The emergency treatment vehicle 50 is parked in the emergency vehicle parking area when not in use, the rail belt 2 is provided with a second fork 52 in the emergency vehicle parking area 51, and an emergency beacon 3 is provided at the second fork 52 Enabling the emergency treatment vehicle 50 to move along the second fork 52 as it enters the emergency vehicle landing area 51 and to stop at the emergency beacon 3; when the failed rail vehicle 4 appears on the road 1, the The emergency treatment vehicle 50 leaves the emergency vehicle parking area, enters the road 1, and drags the failed railway vehicle 4 away from the road 1, allowing the road 1 to be used by other rail vehicles 4.

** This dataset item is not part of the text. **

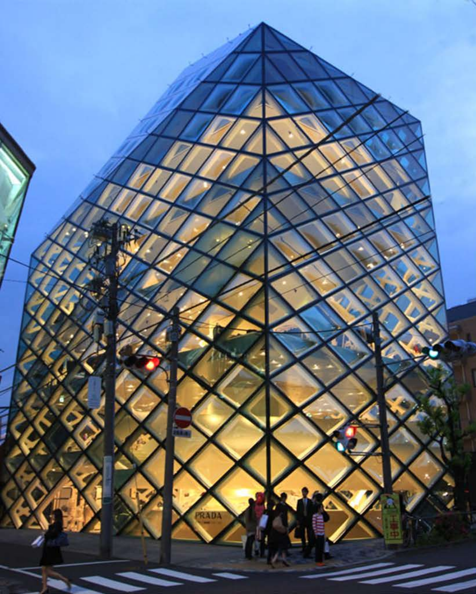
Prada Flagship Store in Tokyo Architects: Herzog and De Meuron
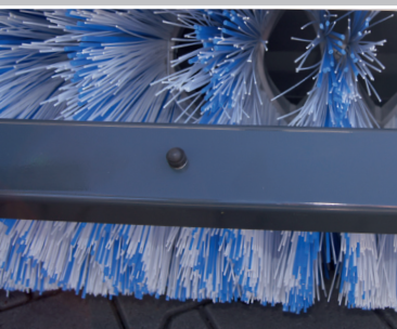
100 % PP-Beeline Mixed brush ring system

In an embodiment provided by the present invention, the central computer 5 is further configured to schedule the rail vehicle 4 according to the direction information of the pedestrian or the cargo to ensure stable, smooth and orderly operation of the transportation system.

In another embodiment provided by the present invention, the central computer 5 is further configured to predict predicted direction information of the current pedestrian or cargo according to the history of the pedestrian or the cargo, and schedule the rail vehicle according to the predicted destination information. In order to ensure the stable, smooth and orderly operation of the transportation system.

In still another embodiment provided by the present invention, the central computer 5 is further configured to release the vehicle state and the road 1 state in the transportation system to the outside at a set time interval, so that the pedestrian or other vehicle knows the real-time. The operation status of the transportation system and reasonable arrangement of travel plans.

In an embodiment provided by the present invention, the rail vehicle 4 operates in an automatic operation state as follows:

S11, the rail vehicle 4 moves according to the rail belt 2 that needs to be detected;

S12, the rail vehicle 4 detects the state of the rail 2, the state of the beacon 3, the state of the road 1, and the state of communication with the central computer 5;

S13, the rail vehicle 4 stores the status information in the vehicle or transmits it to the central computer 5 in real time.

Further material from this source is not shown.